Wednesday, February 07, 2018

Analytic Reductionism

Recently, I have been reading up on Derek Parfit’s “triviality objection to naturalist reductionism.” Desirism reduces true value claims to claims about natural properties, so it is a proper target for Parfit’s objection.

Desirism hold that true value claims describe relationships between states of affairs and desires.

However, it DOES NOT hold that this is true by definition. It does not say that the very meaning of the word “good” is to be understood as “stands in such-and-such a relationship to desires”. The meaning of “good”is broader than this. However, an attribution of goodness is never true unless such a relationship e it’s.

When it comes to the meaning of value terms, they all assert that there is one or more reasons to realize or preserve a state of affairs (in the case of goodness) or to prevent or end a state of affairs (in the case if badness).

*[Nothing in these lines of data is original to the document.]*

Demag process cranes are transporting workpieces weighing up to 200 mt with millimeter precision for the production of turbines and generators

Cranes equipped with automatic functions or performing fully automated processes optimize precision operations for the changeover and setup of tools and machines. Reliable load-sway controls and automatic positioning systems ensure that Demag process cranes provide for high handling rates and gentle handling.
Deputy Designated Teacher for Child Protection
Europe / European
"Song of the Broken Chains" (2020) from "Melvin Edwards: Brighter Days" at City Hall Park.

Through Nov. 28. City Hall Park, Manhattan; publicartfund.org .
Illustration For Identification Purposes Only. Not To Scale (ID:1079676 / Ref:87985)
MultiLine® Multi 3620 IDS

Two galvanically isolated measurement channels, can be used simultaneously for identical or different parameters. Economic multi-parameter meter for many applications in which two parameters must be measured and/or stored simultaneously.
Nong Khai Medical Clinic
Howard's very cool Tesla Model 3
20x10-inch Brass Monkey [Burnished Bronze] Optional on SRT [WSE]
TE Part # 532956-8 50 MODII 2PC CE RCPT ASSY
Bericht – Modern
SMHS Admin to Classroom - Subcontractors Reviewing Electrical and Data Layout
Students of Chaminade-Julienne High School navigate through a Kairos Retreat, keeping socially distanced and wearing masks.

For example, somebody says, “You ought to do X.”

You ask, “Why?”

The answer to that question will be a reason for intentional action. What else can you possibly be asking for when you ask, “Why” but for a reason to do what somebody said you ought to do? That reason for action will either be an end-reason, or a means-reason justified in virtue of its ability to contribute to some further reason that is an end. Ultimately, the answer to every “Why?” question regarding what one ought to do is an end-reason for intentional action.

However, these terms do not require that the reasons be natural properties such as desires. These reasons may be intrinsic values, divine commands, categorical imperatives, the dictates of an impartial observer or of a committee behind a vail of ignorance. It does not tell us anything about these reasons, other than that there are reasons.

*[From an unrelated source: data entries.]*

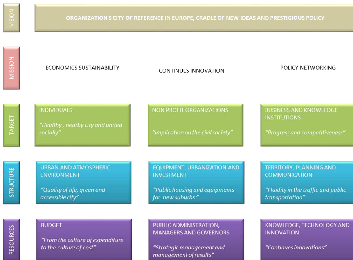
Fig. 1. BSC of Organization S
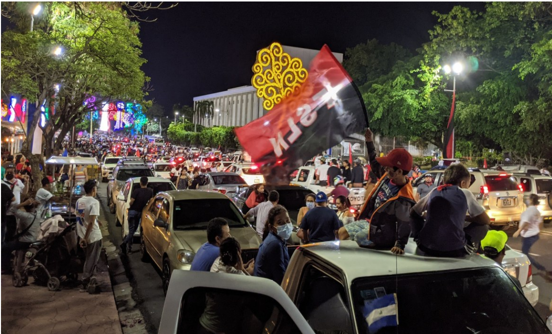
During a midnight fireworks launch, Nicaraguans blasted revolutionary music from their cars, and partied into the early morning.
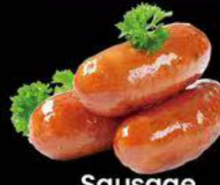
Sausage $12 LB(M/P)
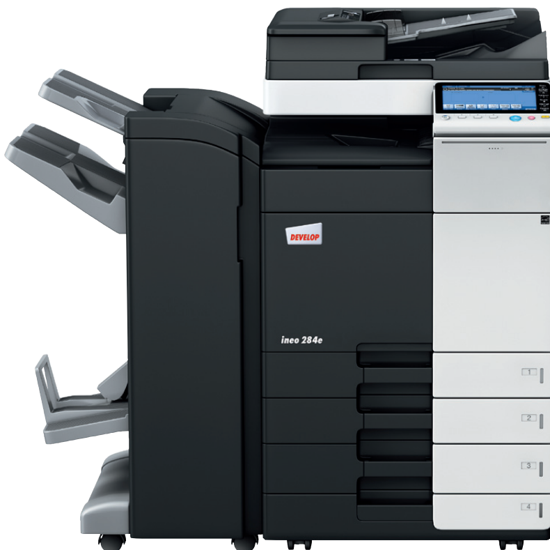
ineo 284e with dual scan document feeder (DF-701), staple/booklet finisher (FS-534SD) and paper feeder (PC-210)

Each of these multifunctional office devices – the ineo 224e, ineo 284e, the ineo 364e, the ineo 454e and the ineo 554e – is not only remarkably easy to use but also offers a wide variety of features to facilitate everyday office tasks. By saving office users time in printing, copying or scanning, they can return to their normal work faster. And that will ultimately help boost productivity.
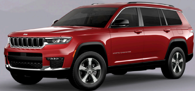
7 seat Limited
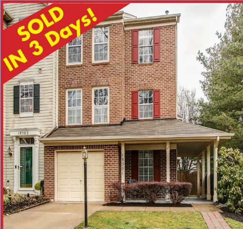
James Creek Charmer 18501 Grapevine Way $424,900

2020 is going to be a Great Year to Sell a Home! Our Listings are Selling Fast...Inventory is LOW
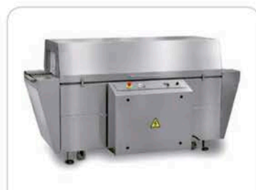
Openable top cover shrink tunnels
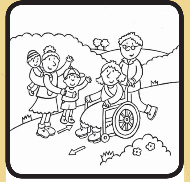
Please use the trail safely and be considerate to other users

The trail is not suitable for high speeds. Parents of young children on bikes need extra vigilance. Be aware other trail users may have disabilities.
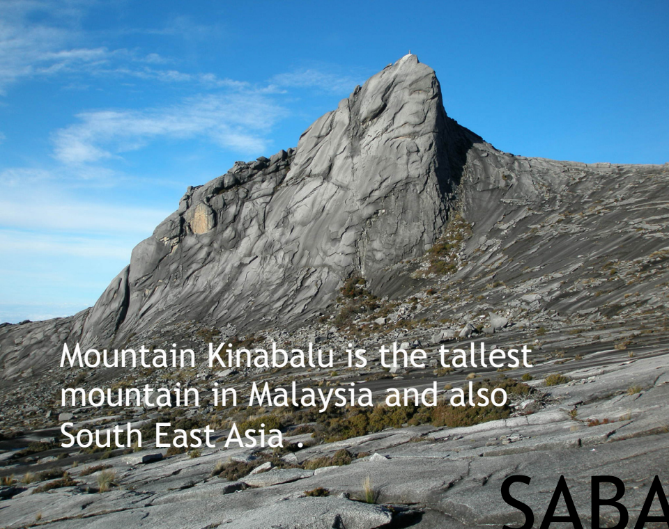
Mountain Kinabalu is the tallest mountain in Malaysia and also South East Asia .

In technical terms, I reject analytic natural reductionism. This is the view that, in virtue of the meaning of value terms, those terms refer to natural properties.

In virtue of the meanings of value terms, value terms refer to end-reasons for intentional actions regardless of whether they are material or immaterial.

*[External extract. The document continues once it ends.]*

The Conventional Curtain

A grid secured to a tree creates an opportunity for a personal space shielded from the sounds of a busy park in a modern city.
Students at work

However, desires provide the only end-reasons that exist. Consequently, all TRUE moral claims are claims about the relationships between states of affairs and desires. If anybody says that the reason to realize, preserve, prevent, or end a state of affairs is a non-natural reason, that claim is false.

The point is, it is a mistake to interpret desirism as saying that it’s naturalistic reduction is an account of the meaning of moral terms - a type of analytic reductionism. It is not. It is a claim about which moral propositions are true.